The virtual Gorillaz members "performed" at the 2005 MTV Europe Music Awards in November 2005 and again at the 48th Annual Grammy Awards in February 2006, appearing to perform on stage via Musion Eyeliner technology. Albarn later expressed disappointment at the execution of the performance, citing the low volume level required so as to not disturb the technology: "That was tough... They started and it was so quiet cause they've got this piece of film that you've got to pull over the stage so any bass frequencies would just mess up the illusion completely." At the Grammys, the band won Best Pop Collaboration with Vocals for "Feel Good Inc.", which was also nominated for Record of the Year. Albarn and Hewlett explored the idea of producing a full "live holographic tour" featuring the virtual Gorillaz appearing on stage with Munsion Eyeliner technology after the Grammys performance, but the tour was ultimately never realised due to the tremendous expense and logistical issues that would have resulted.

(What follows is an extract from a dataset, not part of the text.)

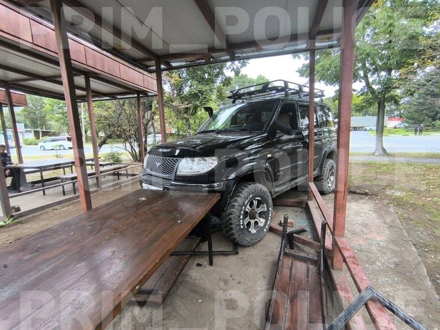 «38-летний водитель автомашины УАЗ Патриот при движении с «островка безопасности» в районе кольца Южного микрорайона не справился с управлением и совершил выезд с проезжей части дороги, протаранил беседку кафе и совершил наезд на 32-летнюю женщину, которая в момент столкновения находилась в беседке», – отчитывается о ДТП приморская полиция.

In October 2006, the band released the book Rise of the Ogre. Presented as an autobiography of the band ostensibly written by the fictional members and expanding on the band's fictional backstory and universe, the book was actually written by official Gorillaz script writer and live drummer Cass Browne and featured new artwork by Hewlett. Later the same month, the band released another DVD, Phase Two: Slowboat to Hades, compiling much of the band's visual content from the album cycle. A second B-sides compilation, D-Sides was released in November 2007, featuring B-sides and remixes associated with Demon Days as well as unreleased tracks from the sessions for the album. In 2008, the documentary film Bananaz was released. Directed by Ceri Levy, the film documents the behind-the-scenes history of the band from 2000 to 2006.

Plastic Beach and The Fall (2010–2012)
Albarn and Hewlett's next project together was the opera Monkey: Journey to the West based on the classical Chinese novel Journey to the West, which premiered at the 2007 Manchester International Festival. While not officially a Gorillaz project, Albarn mentioned in an interview that the project was "Gorillaz, really but we can't call it that for legal reasons".

After completing work on Monkey in late 2007, Albarn and Hewlett began working on a new Gorillaz project entitled Carousel, described by Albarn as being about "the mystical aspects of Britain". Hewlett described Carousel in a 2008 interview as "even bigger and more difficult than Monkey... It's sort of like a film but not with one narrative story. There's many stories, told around a bigger story, set to music, and done in live action, animation, all different styles. Originally it was a film but now we think it's a film and it's a stage thing as well. Damon's written around 70 songs for it, and I’ve got great plans for the visuals." The Carousel concept was eventually dropped with Albarn and Hewlett's work evolving into the third Gorillaz studio album, Plastic Beach.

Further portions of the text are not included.